I've been thinking about this topic a lot over the last couple of months. It is a topic that I'm figuring out with my team. I'm just going to throw it out and see what the feedback is like.
I’m going back to my college days for this the first part of this essay. What I want to discuss is the different modes of learning. This will probably come as no surprise to most of you: Different people learn through different means.
Some learn by listening. Remember people who just sat in class and absorbed the entire lecture ? They learnt by listening. Then there are those who learn by writing. They take notes. Some people learn by reading. They just sleep in all the clases, then go home, read the text book and ace the exam. Some learn by talking. They need to discuess the topic with someone else to clarify their thinking. Finally, we all know that student who could write great programs on the computer, but could barely follow what was going on in class. They learnt by doing.
These five categories represent the different modes of learning. [These are actually a combination of modes. For more on the theory, check out these links - 1, 2, 3]. They are not mutually exclusive. Some people can learn in multiple ways, but most people have one dominant mode of learning and other minor modes of learning.
Think back to your college batch, and you would find a few classmates who fit each of the above categories. The college environment is designed to present multiple methods of learning. You can either listen to the lecturer, try out excercises, attend lab sessions, talk to your classmates about a topic, or read the textbook.

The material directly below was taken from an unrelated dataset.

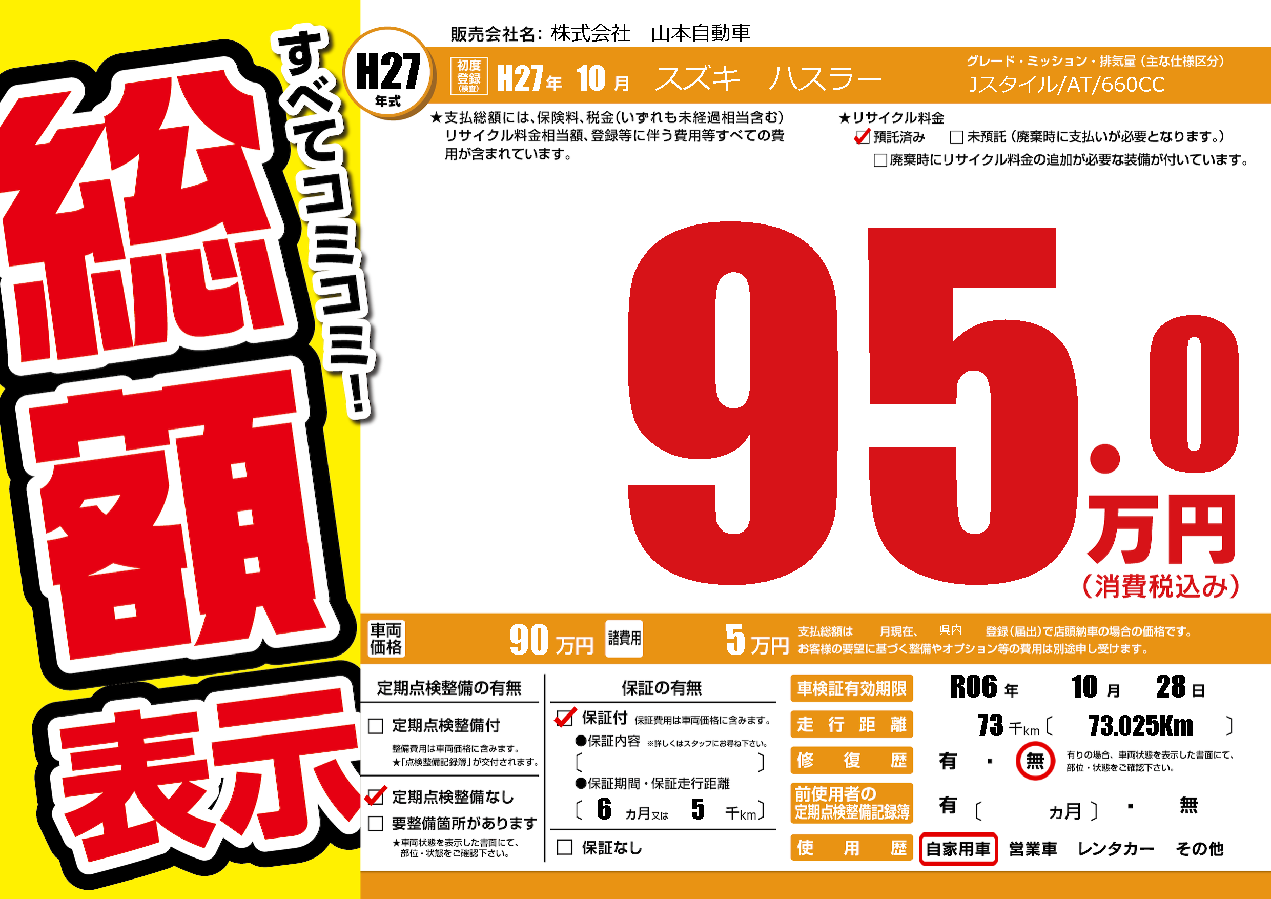 | 車名 | スズキ ハスラー | グレード ミッション 排気量 |

Now, someone is going to point out that (in most of India at least) lecturers are often recent college graduates who couldn’t get any other job, that the textbooks are written to maximise your exam score rather than teach anything, most students take down notes verbatim without any understanding and the labs are underfunded relics. This is a topic for another day. For now, lets just assume that they support all methods of learning.
Let’s get back to the present now.
Scenario I: Your company has a training programme under which they have called someone to give a seminar on Design Patterns. You’re a Project Manager. Madhav, a member of your team, will be doing some design work soon, so you send him over to attend the seminar. The only problem is that Madhav learns by reading, not listening. Not surprisingly the seminar is extremely boring for him and he sleeps through it.
Scenario II: You are working on a new project and have just recieved a thick list of requirements. You pass the requirements to Priyanka, the lead programmer, and ask her to take a look. The problem is, Priyanka learns by talking, not by reading. The next day, the coversation goes like this:
You: So did you have a look at the requirements I passed you?
Priyanka: I had a look, but they look complicated. Can we have a meeting to discuss them?
You: I’m busy right now. I’ll be back in two days to check on your progress.
2 days later…
You: So how are the requirements? I need to give an estimate for the completion date this evening.
Priyanka: I’m not sure I understand it. Can we discuss it?
You: You still don’t understand it? I gave you two extra days. What more do you want? Meetings are just a waste of time. Can’t you just read it and give me an estimate? I need to give an estimate today.
Meanwhile, Scott Adams is drawing you in the next Dilbert strip.
Most managers don’t really understand the modes of learning of their team members. If Priyanka learns by talking, the manager should know it and let her talk about the requirements. Forcing her to read the requirements will go nowhere. Similarly if Ramesh likes to read, his manager should pass his some reading material before he attends the seminar. The primary responsibility of a manager is to enable his or her team members to do their work as best they can, and knowing their learning modes can help with this.
Companies also like to talk about how employee oriented they are, and about their professional development policies, but in most cases this just means that they shove their employees through a couple of seminars a year, just because they have to.
Real professional development is a lot more than just sending everyone to a few seminars. Companies need to take a hint from colleges where most of the real learning takes place. They need a good library where the readers can hang out. They need cool co-workers so that the talkers can talk with each other and learn. They need ad-hoc groups of people who learn by doing to get together and do side projects. They need to create internal blogs so that the writers can write stuff, and of course, the good old seminars for the listeners to attend.
Any comments? How is it at the companies you work (or worked) at?